** Opening SOURCE MATERIAL block **
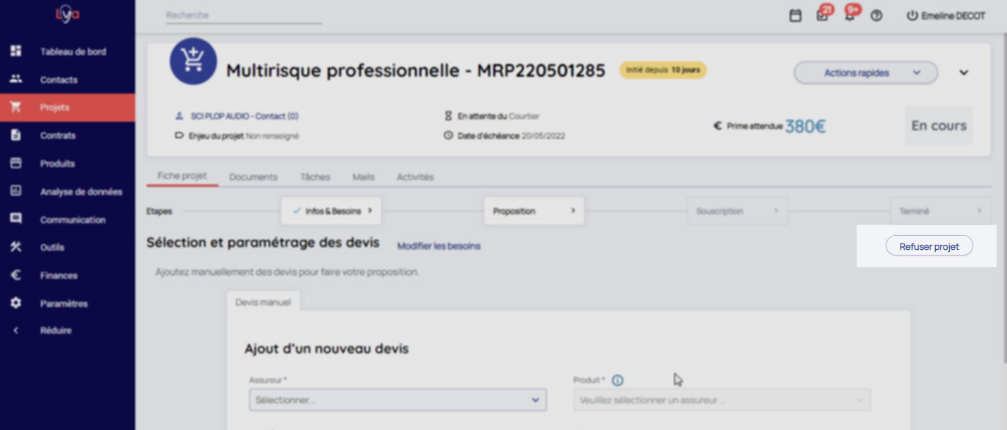 Pour vous permettre de mettre fin au projet, depuis l'écran de saisie des devis, le bouton "Refuser projet" permet de mettre fin au projet.
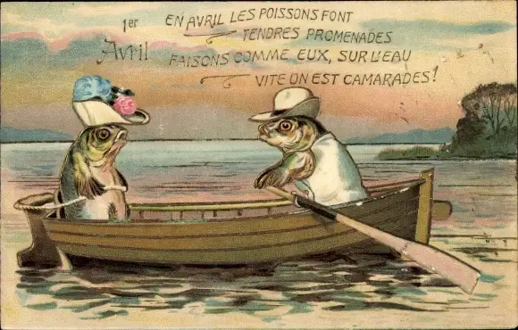 Präge Ak 1. April, Vermenschlichte Fische im Ruderboot
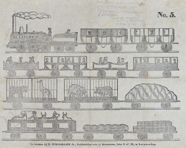 De trein wordt op vier lijnen afgebeeld. Hij bestaat uit stoomlocomotief met tender 'De snelheid', twee diligencerijtuigen, twee gesloten rijtuigen, twee open rijtuigen, twee kooien voor dierentransport met een beer, giraf, olifant en neushoorn in, een platte wagen met een hoop goederen, een open wagen met ossen, een platte wagen met vaten en een platte wagen met dozen. Verzameling Instituut voor Financiële Archeologie (Mechelen).
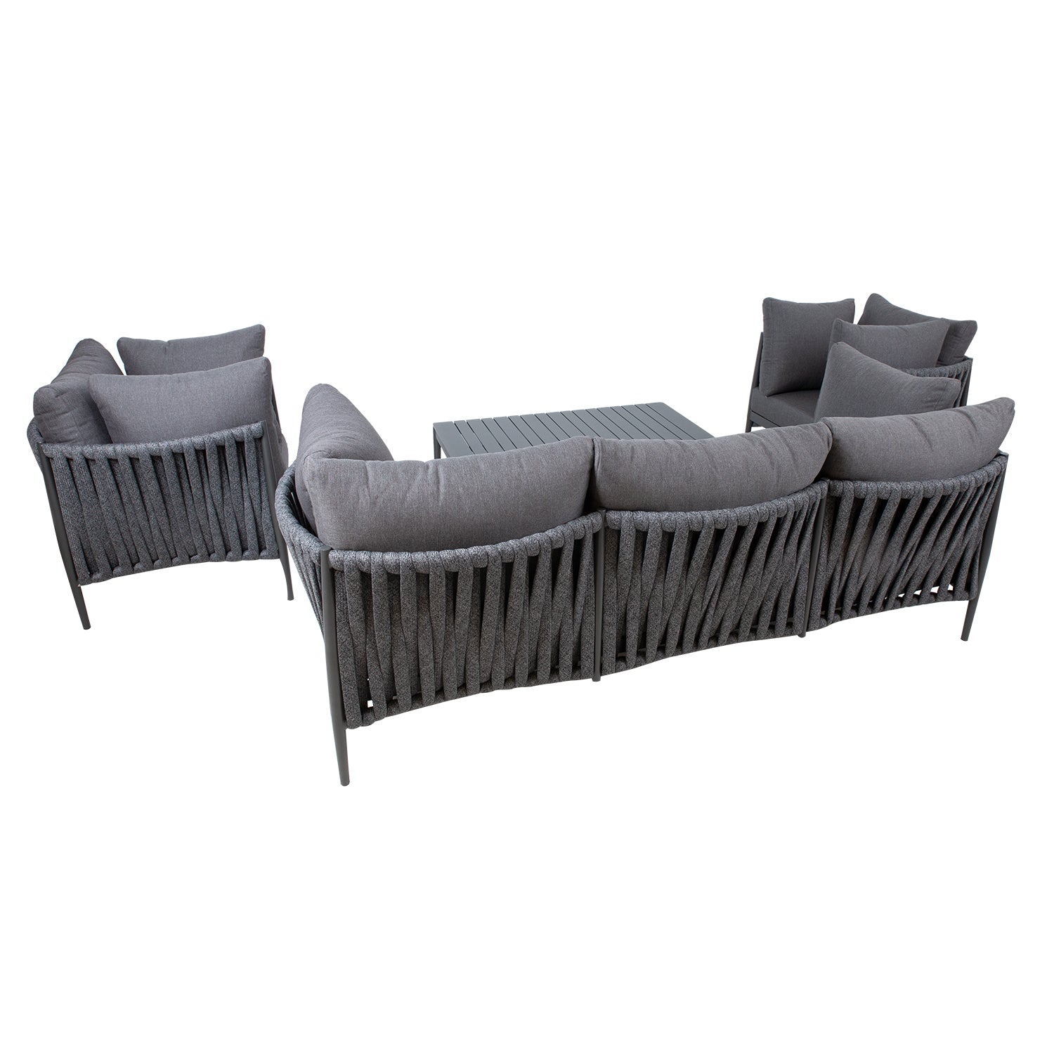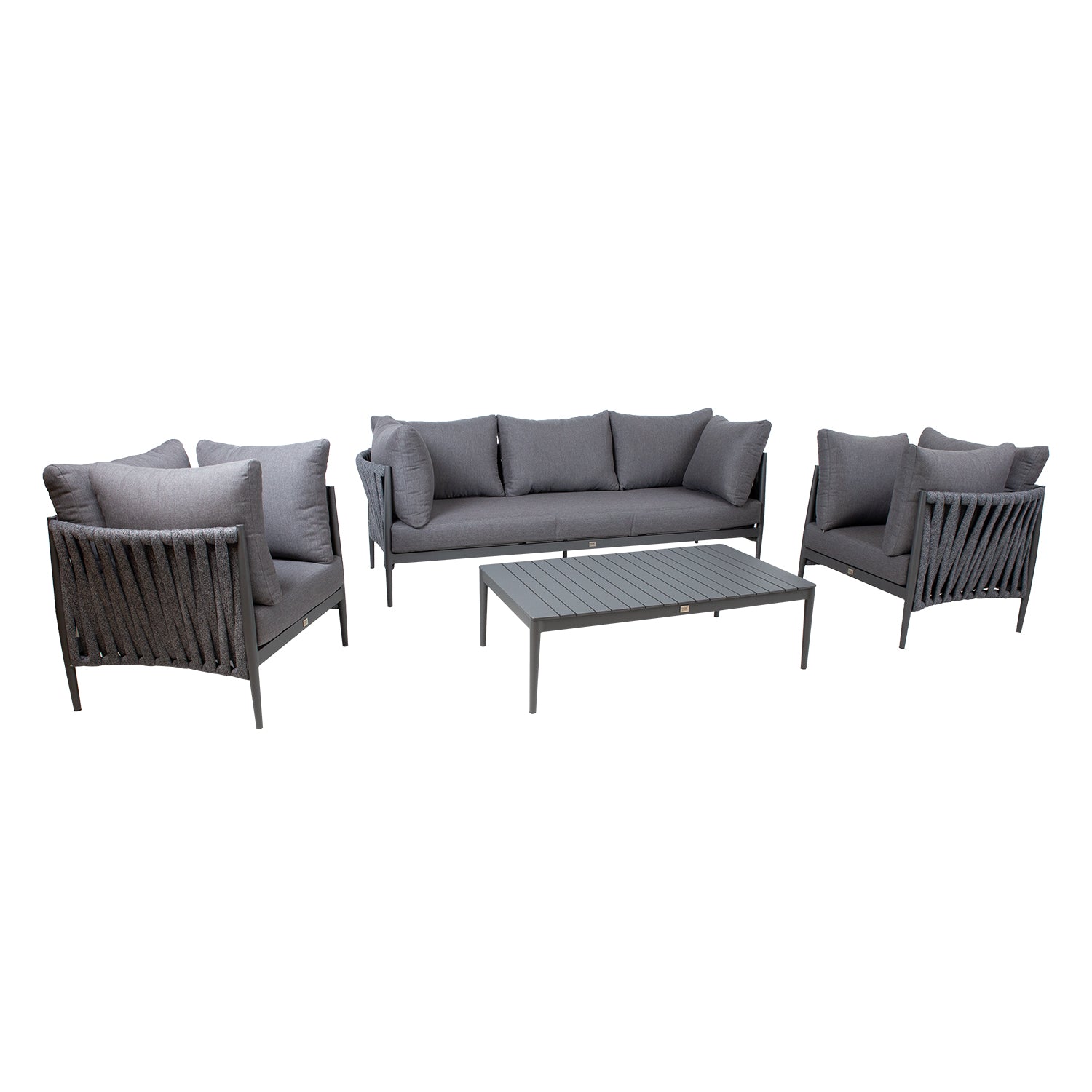 Material: aluminum frames. The sofa and chairs have rope braided seats. Seat cushions upholstered with polyester fabric.
** Closing SOURCE MATERIAL block **
**WHAT TO PRODUCE**
A verbatim copy of the data, with all pictures omitted, is the required output.

**COMPLETED EXERCISE**
 Pour vous permettre de mettre fin au projet, depuis l'écran de saisie des devis, le bouton "Refuser projet" permet de mettre fin au projet.
 Präge Ak 1. April, Vermenschlichte Fische im Ruderboot
 De trein wordt op vier lijnen afgebeeld. Hij bestaat uit stoomlocomotief met tender 'De snelheid', twee diligencerijtuigen, twee gesloten rijtuigen, twee open rijtuigen, twee kooien voor dierentransport met een beer, giraf, olifant en neushoorn in, een platte wagen met een hoop goederen, een open wagen met ossen, een platte wagen met vaten en een platte wagen met dozen. Verzameling Instituut voor Financiële Archeologie (Mechelen).
 Material: aluminum frames. The sofa and chairs have rope braided seats. Seat cushions upholstered with polyester fabric.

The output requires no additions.